What is expected: All entries are to be transcribed verbatim, but images are not carried over.

Stored data:
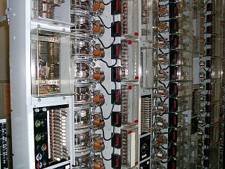 Das Bild zeigt die Gestellreihe mit dem Wählsystem 55v aus unserer Sammlung. Bei diesem System werden die gleichen Wähler und im Prinzip die gleiche Schaltungstechnik wie beim 55 System verwendet. Das v steht für vereinfacht, da man auf einen großen Teil der Blechverkleidung verzichtet hat. Auch die Schaltung ist im Detail verbessert worden.
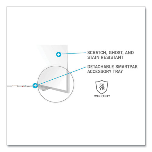 Providing long-lasting performance and durability, Ghent’s Porcelain Magnetic Whiteboards are made with customers in mind. The porcelain-on-steel surface is mounted to a solid backing for added strength that stands up to the rigors of the most high-use classrooms and offices. The durable scratch- and dent-resistant porcelain-enameled surface also ensures that your dry erase board never absorbs ink, eliminating the possibility of staining and ghosting. Easy-wipe surface requires less cleaning, too, so you can achieve a long-lasting bright white surface without the hassle. Use the magnetic surface to post flyers, bulletins, teaching accessories and more. Each board features a sleek satin aluminum frame with a matching cork-strip map rail and accessory tray.
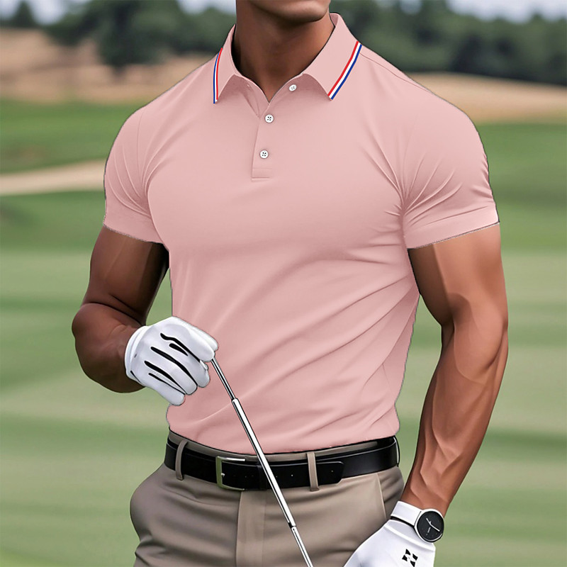 Men's Golf Shirt Pique Polo Shirt Business Casual Ribbed Polo Collar Short Sleeve Fashion Basic Solid Color Plain Buttons Summer Spring Fall Slim Fit Black Pink White Yellow Light Green Red Golf
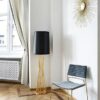 Lampa podłogowa HOLMES złota z czarnym kloszem – metal
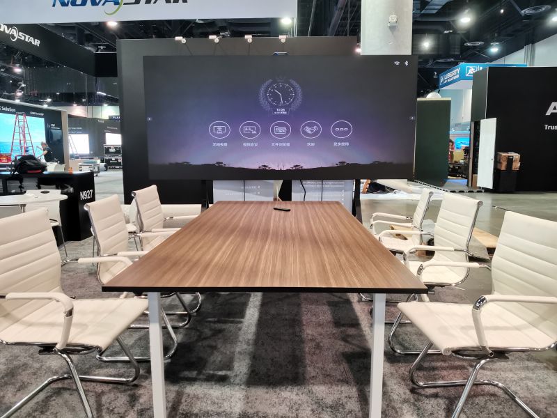 本次展会上,星空电竞光电智慧会议一体机凭借简洁大气的一体化外观设计赚足了眼球。产品内置顶级扬声设备和Android智能系统,投屏时支持四分屏同时显示,手机、平板、笔记本等设备内容一键传屏、数据对比清晰直观,让开会演示与信息交流的体验更逼真,刷新了现场参展观众对LED显示屏的认知。
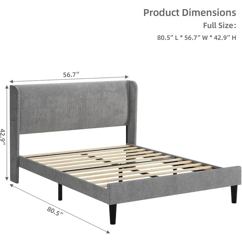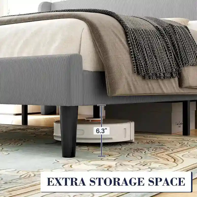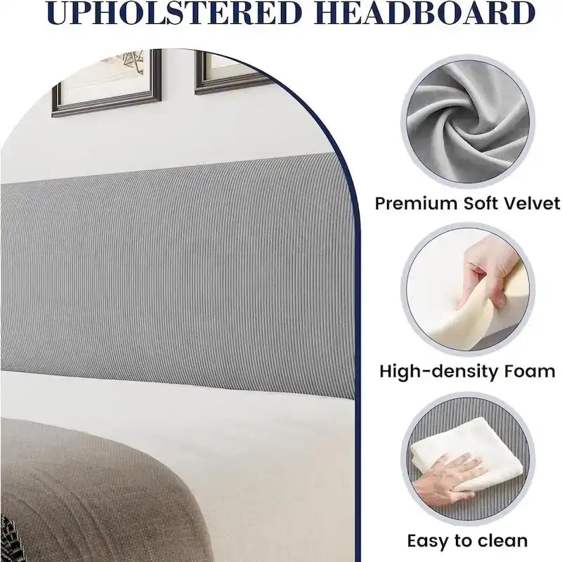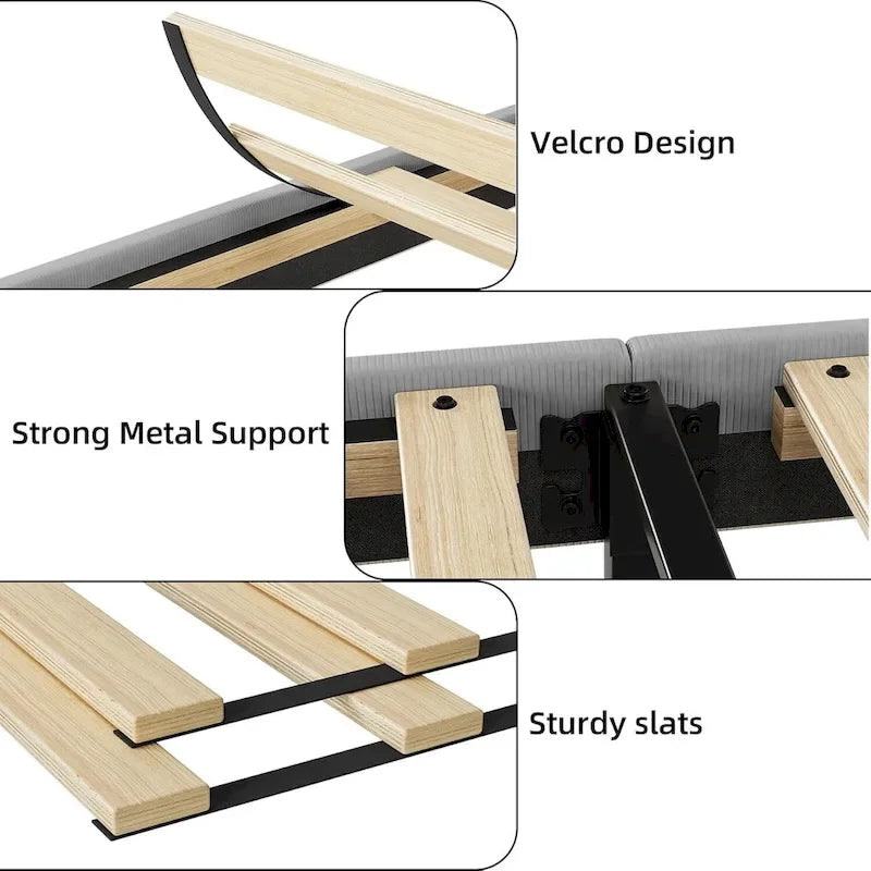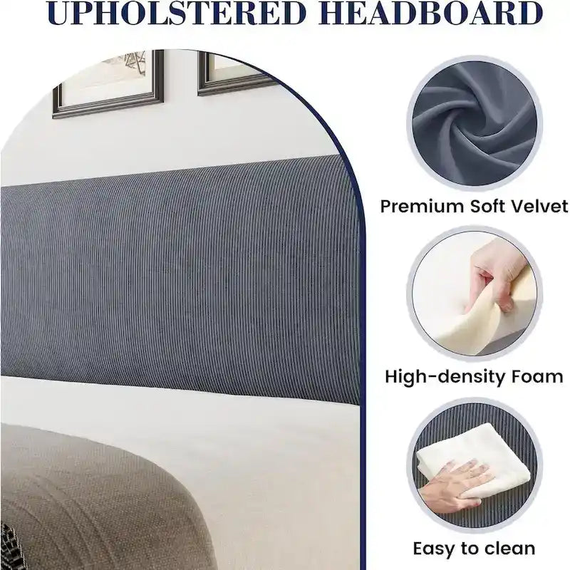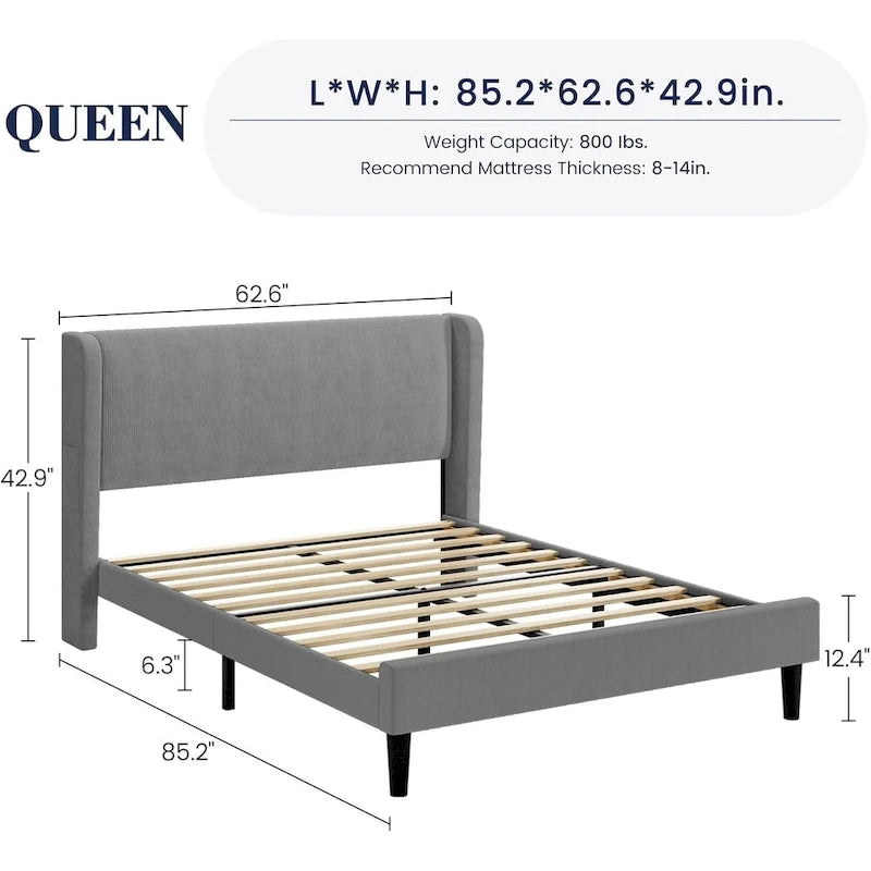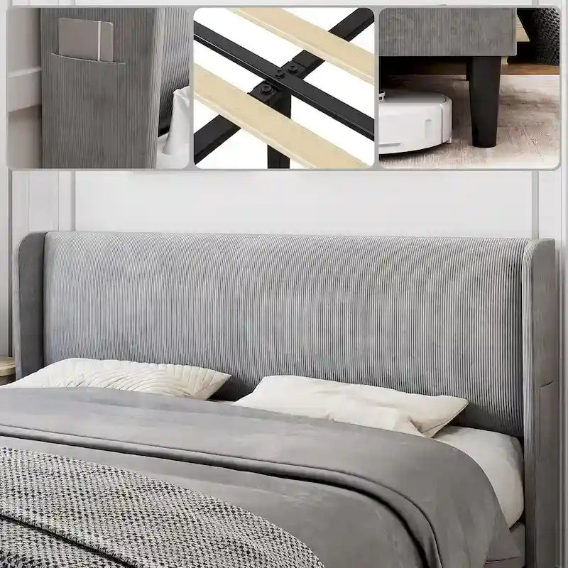 Design à oreilles : Ce cadre de lit arbore un design élégant à oreilles qui empêche le matelas de glisser. Recouvert de velours luxueux et de mousse moelleuse, il offre un excellent soutien pour le dos et la nuque, garantissant un confort optimal. Espace de rangement : Le cadre de lit queen size offre un grand espace de rangement sous le lit pour vos affaires. La tête de lit à oreilles comprend également deux poches pour votre téléphone, vous aidant ainsi à garder votre espace bien organisé. Robuste et stable : La structure métallique robuste de ce lit queen size offre un soutien solide, renforcé par un pied de soutien central et des lattes en bois de qualité, assurant une base fiable pour votre matelas. Un sommeil paisible : Le sommier à lattes est recouvert de mousse EVA pour un environnement stable et silencieux. Les lattes sont solidement fixées pour éviter les frottements, vous permettant ainsi de dormir sans être dérangé. Installation facile : Tous les composants de ce lit queen size sont clairement étiquetés dans un seul carton. Suivez simplement les instructions fournies pour un assemblage rapide et facile, et profitez immédiatement de votre nouveau cadre de lit.

Solution to this task:
 Das Bild zeigt die Gestellreihe mit dem Wählsystem 55v aus unserer Sammlung. Bei diesem System werden die gleichen Wähler und im Prinzip die gleiche Schaltungstechnik wie beim 55 System verwendet. Das v steht für vereinfacht, da man auf einen großen Teil der Blechverkleidung verzichtet hat. Auch die Schaltung ist im Detail verbessert worden.
 Providing long-lasting performance and durability, Ghent’s Porcelain Magnetic Whiteboards are made with customers in mind. The porcelain-on-steel surface is mounted to a solid backing for added strength that stands up to the rigors of the most high-use classrooms and offices. The durable scratch- and dent-resistant porcelain-enameled surface also ensures that your dry erase board never absorbs ink, eliminating the possibility of staining and ghosting. Easy-wipe surface requires less cleaning, too, so you can achieve a long-lasting bright white surface without the hassle. Use the magnetic surface to post flyers, bulletins, teaching accessories and more. Each board features a sleek satin aluminum frame with a matching cork-strip map rail and accessory tray.
 Men's Golf Shirt Pique Polo Shirt Business Casual Ribbed Polo Collar Short Sleeve Fashion Basic Solid Color Plain Buttons Summer Spring Fall Slim Fit Black Pink White Yellow Light Green Red Golf
 Lampa podłogowa HOLMES złota z czarnym kloszem – metal
 本次展会上,星空电竞光电智慧会议一体机凭借简洁大气的一体化外观设计赚足了眼球。产品内置顶级扬声设备和Android智能系统,投屏时支持四分屏同时显示,手机、平板、笔记本等设备内容一键传屏、数据对比清晰直观,让开会演示与信息交流的体验更逼真,刷新了现场参展观众对LED显示屏的认知。
 Design à oreilles : Ce cadre de lit arbore un design élégant à oreilles qui empêche le matelas de glisser. Recouvert de velours luxueux et de mousse moelleuse, il offre un excellent soutien pour le dos et la nuque, garantissant un confort optimal. Espace de rangement : Le cadre de lit queen size offre un grand espace de rangement sous le lit pour vos affaires. La tête de lit à oreilles comprend également deux poches pour votre téléphone, vous aidant ainsi à garder votre espace bien organisé. Robuste et stable : La structure métallique robuste de ce lit queen size offre un soutien solide, renforcé par un pied de soutien central et des lattes en bois de qualité, assurant une base fiable pour votre matelas. Un sommeil paisible : Le sommier à lattes est recouvert de mousse EVA pour un environnement stable et silencieux. Les lattes sont solidement fixées pour éviter les frottements, vous permettant ainsi de dormir sans être dérangé. Installation facile : Tous les composants de ce lit queen size sont clairement étiquetés dans un seul carton. Suivez simplement les instructions fournies pour un assemblage rapide et facile, et profitez immédiatement de votre nouveau cadre de lit.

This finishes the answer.